Systemic sclerosis, also known as scleroderma, is a connective tissue disease that is characterized by sclerodermatous skin changes–a hardening of tissue due to increased collagen deposits; Raynaud's phenomenon–spasms of small blood vessels in response to cold or stress that cause color changes in fingers or toes, to obliteration of blood vessels (vasculopathy) leading to tissue death; and internal organ fibrosis–formation of excess tissue that scars organs. The ACR estimates that systemic sclerosis affects 49,000 U.S. adults.
The joint ACR-EULAR committee was led by Dr. Janet Pope from Western University, St. Joseph's Health Care London in Ontario, Canada, and Dr. Frank van den Hoogen from St. Maartenskliniek in The Netherlands. The committee's intent was to improve the classification of systemic sclerosis by clustering items and simplifying the weighting of the different criteria. The new criteria set was tested for specificity and sensitivity by comparing scleroderma cases with controls (patients with disorders similar to scleroderma), and validated by experts viewing cases with and without the disease.

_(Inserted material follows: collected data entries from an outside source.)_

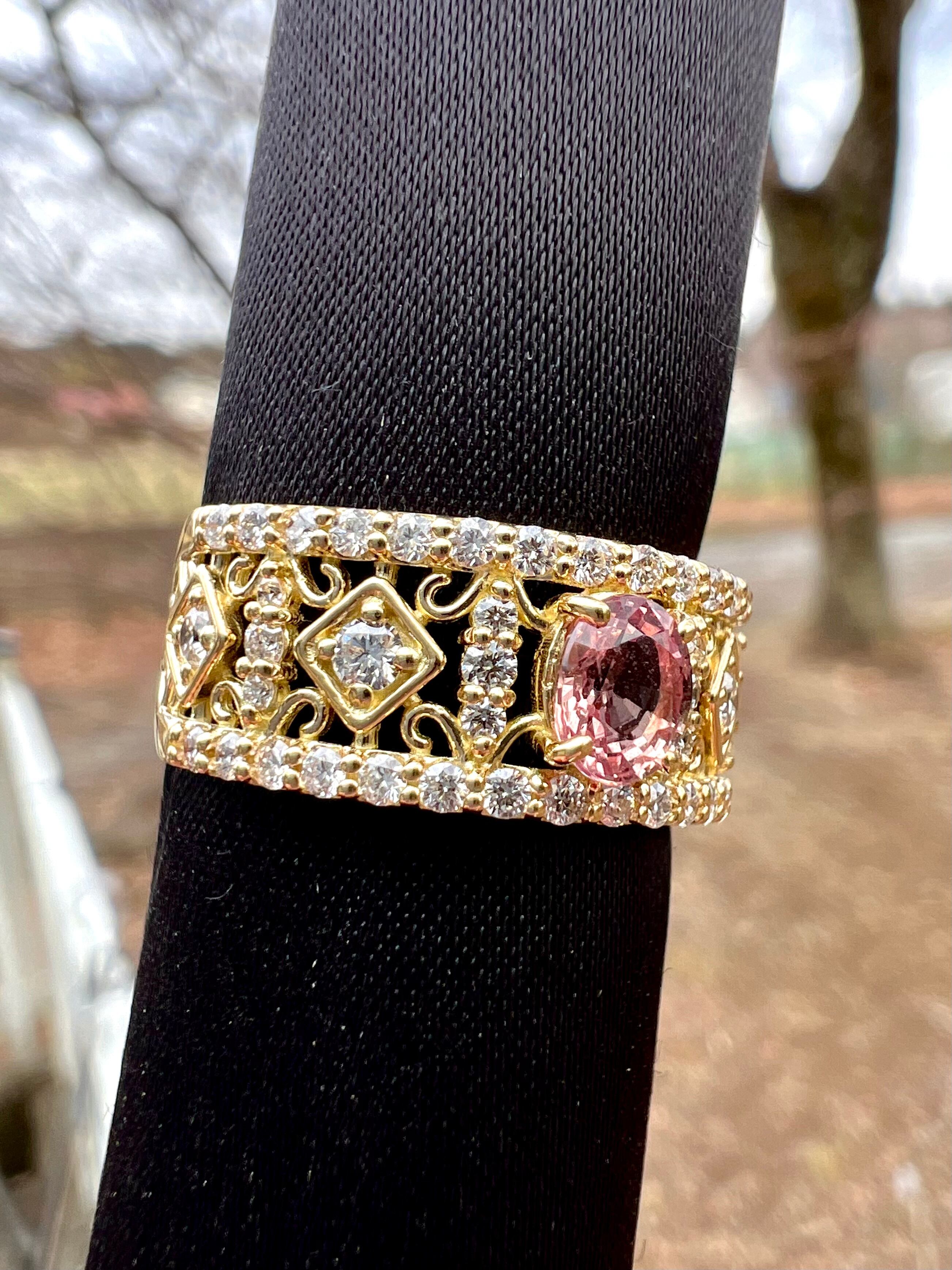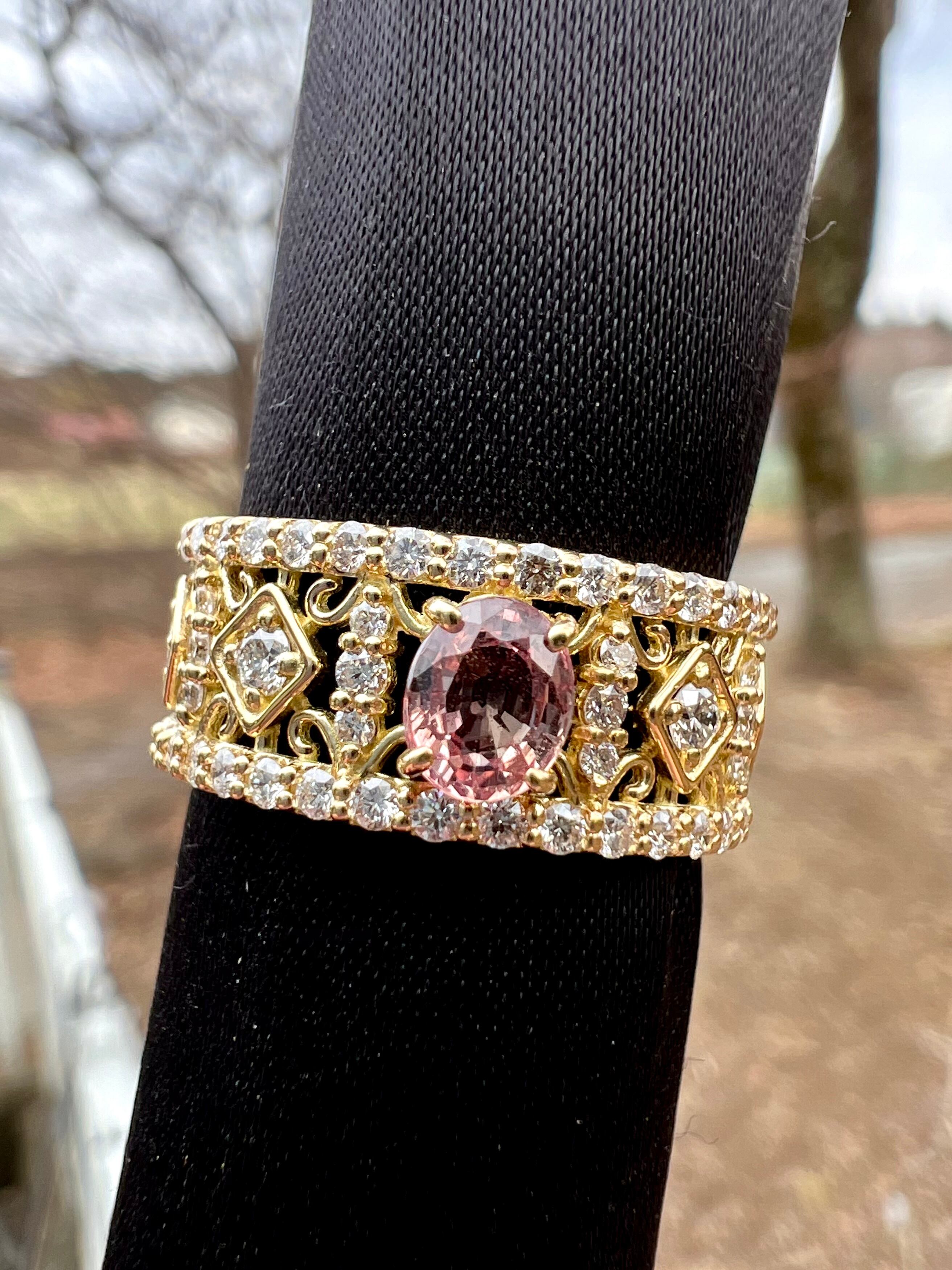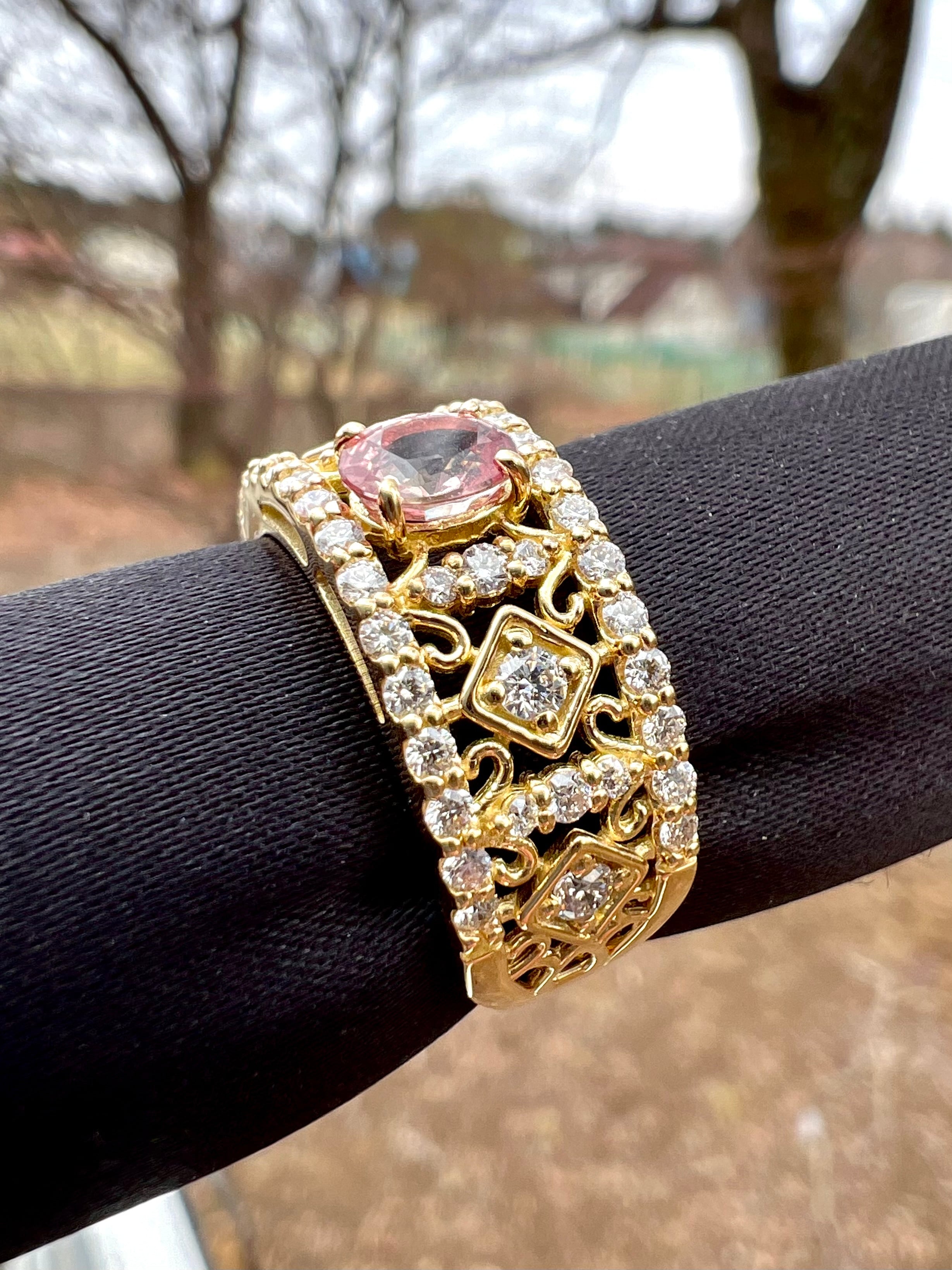 非加熱パパラチアサファイヤK18ダイヤモンドリング
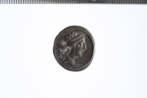 Busto drappeggiato di Venere a d. con corona d'alloro e diadema. Bordo perlinato.
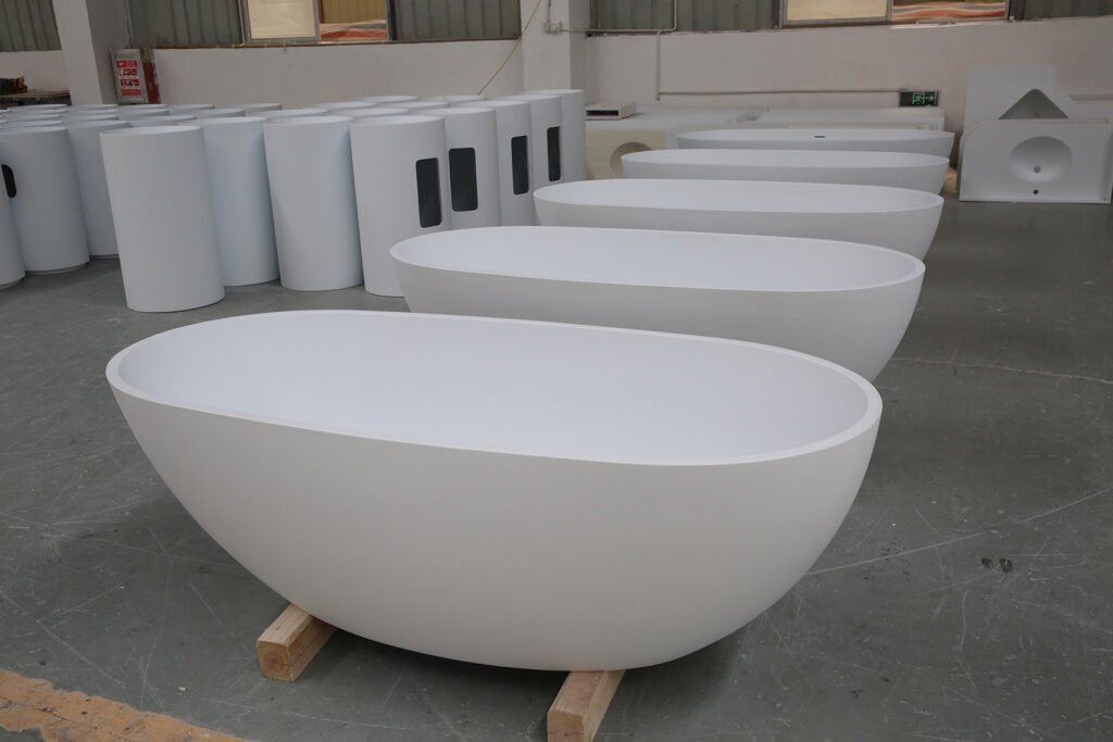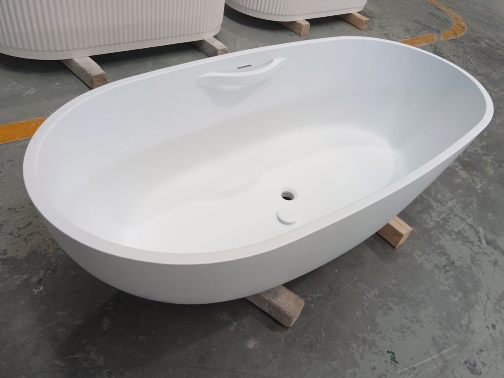 A sleek oval freestanding solid surface bathtub with a modern slim-edge profile. Seamless, durable, hygienic, and perfect for hotels, spas, and luxury residential projects.
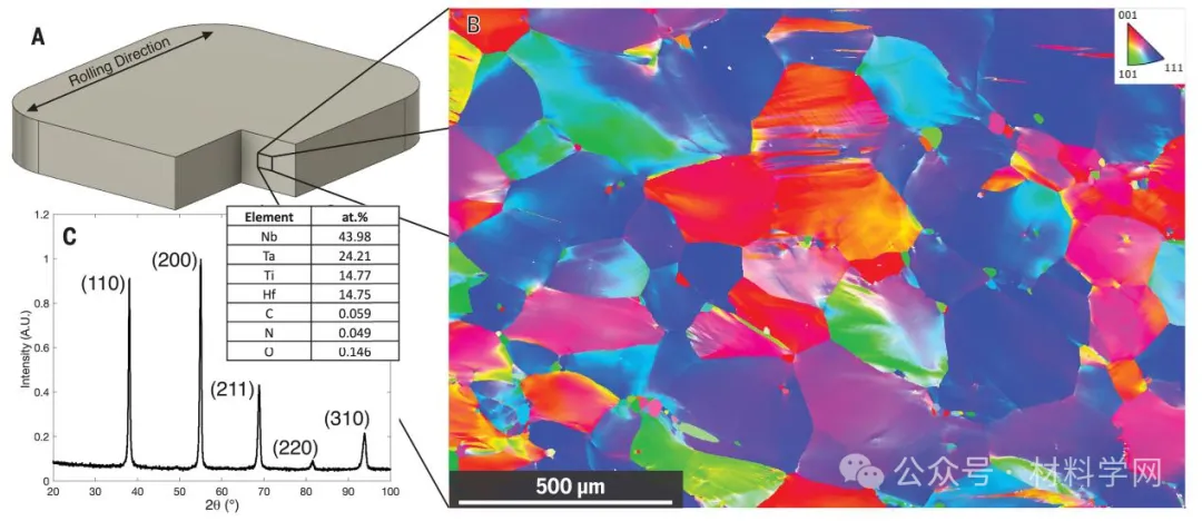具体来说,我们通过进行单轴拉伸试验和基于 J 积分的非线性弹性断裂韧性试验,研究了从 77 到 1473 K 的非碳原子 Nb45Ta25Ti15Hf15 RMEA 的机械性能。这种材料是通过将第 IV 组元素(Ti 和 Hf)与第 V 组元素(Nb 和 Ta)合金化而设计的,目的是:(i) 使材料具有延展性;(ii) 产生晶格畸变以保持高温强度;最值得注意的是:(iii) 优先考虑含有 Zr 和第 IV 组元素浓度较高的 RHEA 所缺乏的高温 bcc 热力学稳定性 (28,29)。有关合金设计细节的更多信息,请参见(30)。为了使材料在化学和微观结构上均质,我们对高纯度元素铸锭进行了多次电弧熔炼,并在室温下进行轧制,使厚度减少约 33%,然后在 1373 K 下热处理一小时并进行水淬。这一过程产生了近乎完全再结晶的单相微观结构,其中有平均尺寸为 270 μm 的等轴晶粒和一些较小的直径为 ~20 μm 的部分再结晶晶粒(图 1B 和图 S1)。X 射线衍射(XRD)(图 1C)证实,该材料形成了单一的 bcc 相,通过电感耦合等离子体原子发射光谱法测得的确切成分为 43.98 原子%(%)Nb、24.21 原子% Ta、14.77 原子% Ti 和 14.75 原子% Hf。
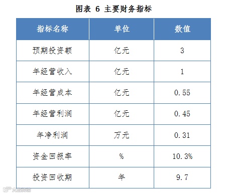 本项目经营利润等于经营收入减去经营成本为4500万元。扣除各种税费,项目年净利润为3100万元。经过简单财务测算,本项目资金回报率为10.3%,项目投资回收期约为9.7年(不含项目建设期)。
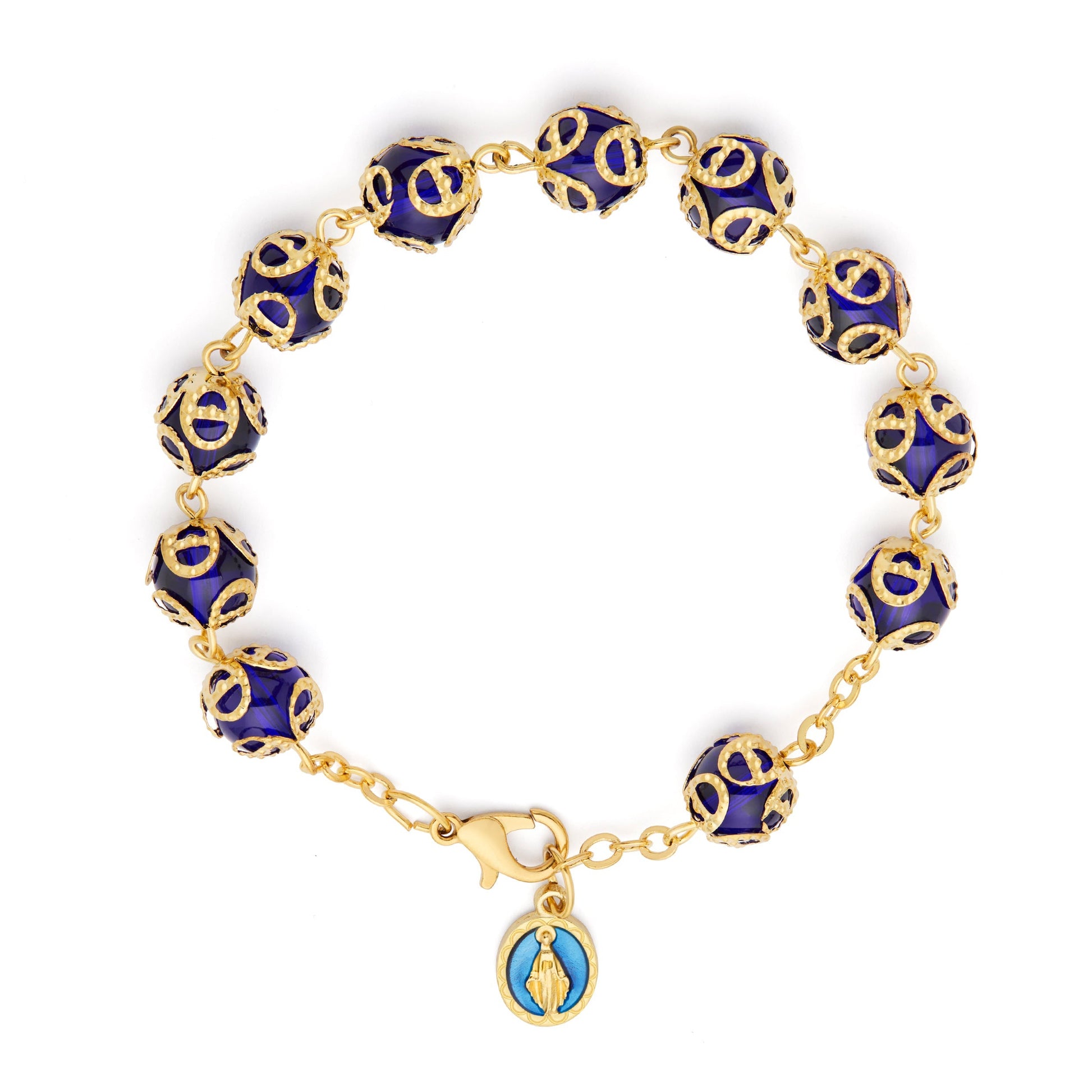 This elegant rosary bracelet features deep blue crystal beads, a color symbolizing peace, devotion, and the Virgin Mary. Simple yet refined bead caps add a delicate decorative touch, while the gold-tone finish beautifully contrasts with the blue hues. A Miraculous Medal enamelled in the same shade completes the design, reinforcing its meaning of faith and protection. A timeless piece to accompany moments of prayer and reflection.
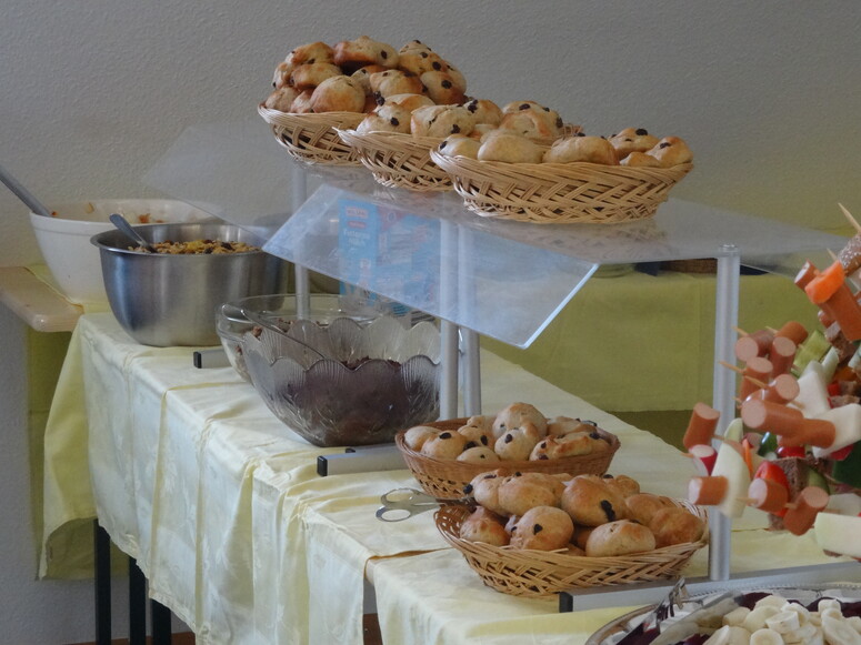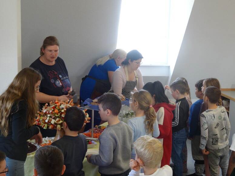 Unter der fachkundigen Anleitung von Frau Gölder, Expertin für Kinderernährung und Kräuterpädagogin, sowie der tatkräftigen Unterstützung engagierter Eltern, wurde jeden Tag ein gesundes Frühstück zubereitet, welches man sich gemeinsam hat schmecken lassen. Mit Tatendrang und Begeisterung waren die Kinder, in diesem Jahr in gemischten Gruppen aller Klassenstufen, dabei. Das Angebot war abwechslungsreich und kreativ: Von kunterbunten Obst- und Gemüseplatten, Rosinenbrötchen, Seelen und selbstgemachten Aufstrichen bis hin zu warmen Speisen wie Grünkernküchlein war für jeden Geschmack etwas dabei. Die Vielfalt der täglich wechselnden Gerichte kam bei den Kindern gut an.
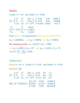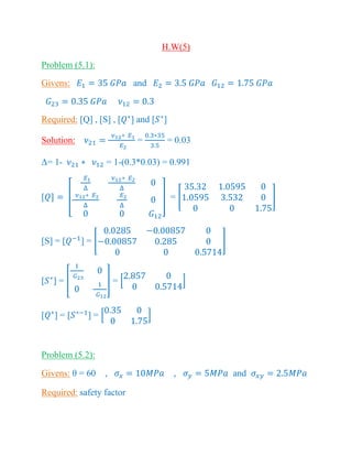 This document contains solutions to 4 problems from H.W(5). Problem 5.1 calculates fiber volume fraction and fiber orientation tensors. Problem 5.2 calculates the safety factor of a composite material with given fiber orientation. Problem 5.3 calculates average stress in a composite with 45 degree fiber orientation. Problem 5.4 calculates average stress in a composite with 90 degree fiber orientation.
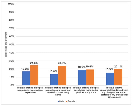 Therefore, it can be subdivided into two themes: (1) the existing affinity on gender issues according to sex (items 1 to 4) and (2) the perception of gender stereotypes according to sex (items 5 to 8). Below are some graphs showing the results in relation to the first dimension of personal perception of gender.
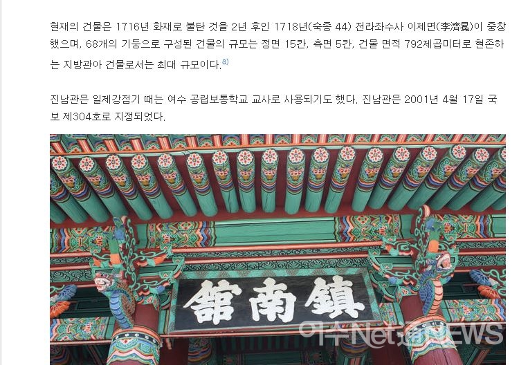 여수시 홈페이지 ‘여수문화관광’소개에도 진난관은 “68개의 기둥으로 구성”돼 있는 것으로, ‘다음백과’를 비롯한 각종 안내에도 “68개의 기둥으로 구성된 건물”로 표기돼 있다.

"There is a need for improved classification criteria for systemic sclerosis," explains Dr. van den Hoogen. "The 1980 ACR criteria were not sensitive enough to identify patients with early disease or limited cutaneous system sclerosis. Our efforts with the joint committee addressed this sensitivity issue, resulting in the 2013 classification criteria for systemic sclerosis."
Based on the new criteria, a patient with thickening of the skin in the middle part of the fingers (from proximal to the metacarpophalangeal joints) would be classified as having systemic sclerosis, regardless of other features. If this criterion was not met, however, then seven items with varying weights would need to be assessed in order to obtain a scleroderma classification: skin thickening of the fingers, fingertip lesions, telangiectasia, abnormal nailfold capillaries, pulmonary arterial hypertension and/or interstitial lung disease, Raynaud's phenomenon, and SSc-related antibodies.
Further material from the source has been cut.